EAT can be a proxy of overall visceral adiposity [23], and since this latter represents a potential source of PCSK9 [22], the present study is aimed at evaluating whether PCSK9 is expressed in EAT and if a correlation with EAT amount and local inflammation, regardless of total circulating levels, can be found. PCSK9 may therefore be ascribed among those bioactive molecules belonging to the EAT secretome affecting vascular homeostasis and heart health.

2. Materials and Methods

2.1. Study Population

A total of 68 patients with coronary artery disease (CAD) or valvular diseases (VR) and 46 control subjects matched for age, sex, and BMI (CTR) were enrolled in the study. Patients were recruited at the IRCCS Policlinico San Donato between October 2012 and July 2016. We followed the methods cited in our present paper by Dozio et al. [24]. We excluded patients with the following criteria: age ≤ 18 years, acute myocardial infarction in the previous month, end-stage heart failure, other heart diseases different from CAD and VR, malignant diseases, major abdominal surgery in the previous six months, renal and liver diseases, chronic inflammatory diseases, more than 3% change in body weight in the previous three months, and missing or incomplete clinical history and data. Among the 68 patients, 32 underwent open heart surgery. Twenty-one required coronary artery bypass surgery (CABG), an elective open heart procedure in hemodynamically stable patients taking their standard cardiac treatments and under the care of the cardiologist, and 11 required valve replacement.

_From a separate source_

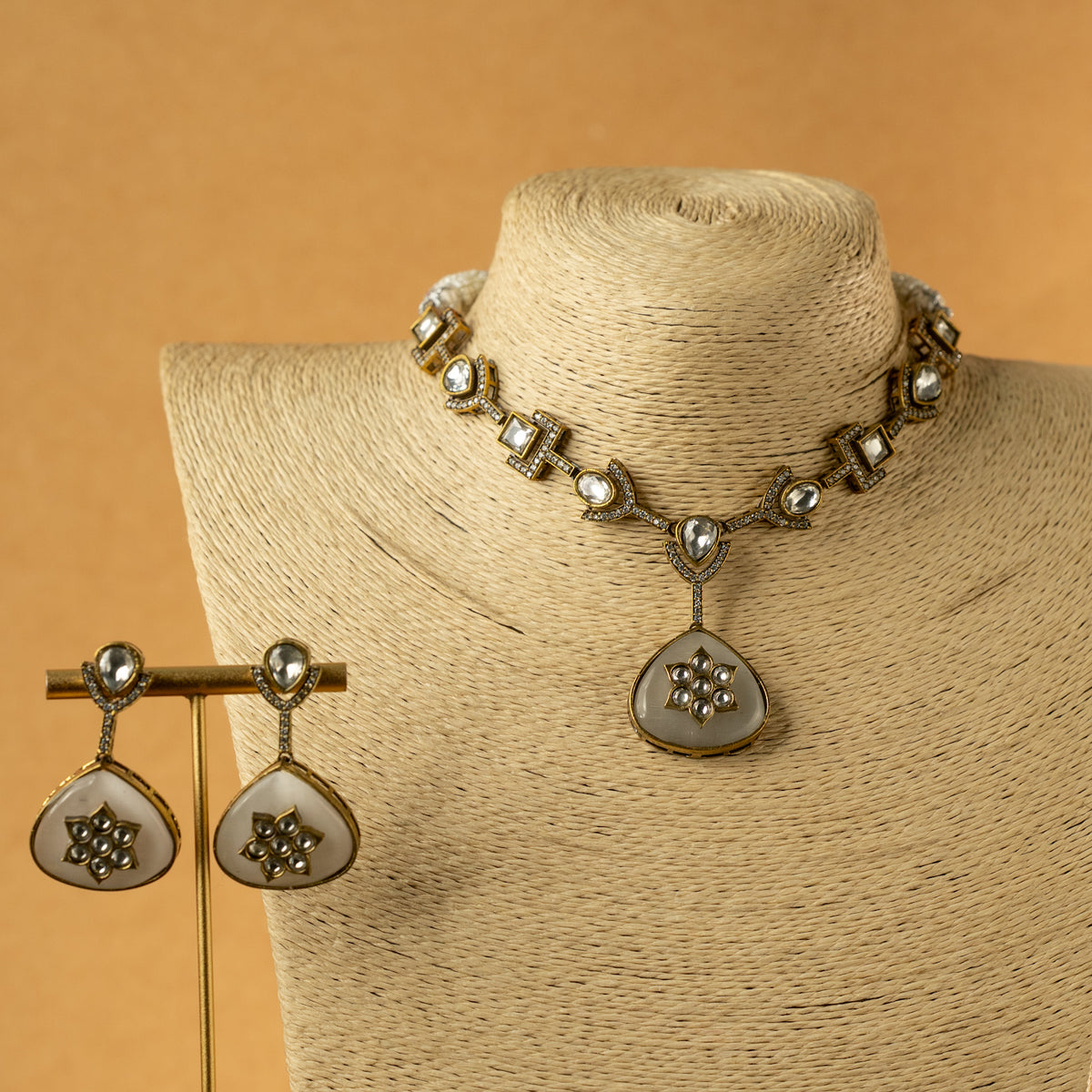 RISHONA DUAL TONED SEMI HANDMADE MONALISA STONES NECKPIECE/NECKLACE WITH EARRINGS NL320

EAT samples were collected just from these 32 patients during surgery. Due to the lower amount of tissue isolated during surgery, 22 samples were used for microarray studies and 10 samples for protein expression studies. Blood samples for plasma quantification of PCSK9 were obtained from the total of patients and CTR subjects. Written informed consent was obtained from all participants. The study was approved by the local ethics committee (ASL Milano Due, protocol 2516) and conducted in accordance with the Declaration of Helsinki, as revised in 2013, and Good Clinical Practice guidelines.

2.2. Biochemical Parameters

Blood samples were collected after overnight fasting, into pyrogen-free EDTA tubes or in tubes for serum collection. EDTA plasma samples for nonroutine assays were obtained after centrifugation at 1200 g for 15 min and immediately stored at -20°C until subsequent analyses. A cobas 6000 analyzer and commercial kits (Roche Diagnostics, Milan, Italy) were used for the quantification of routine biochemical parameters, as previously reported [24-27]. LDL-cholesterol was calculated with the Friedewald formula. The homeostasis model assessment of insulin resistance (HOMA-IR) was calculated using the following equation: HOMA‐IR = (fasting insulin [μU/mL] × fasting glucose [mmol/L])/22.5.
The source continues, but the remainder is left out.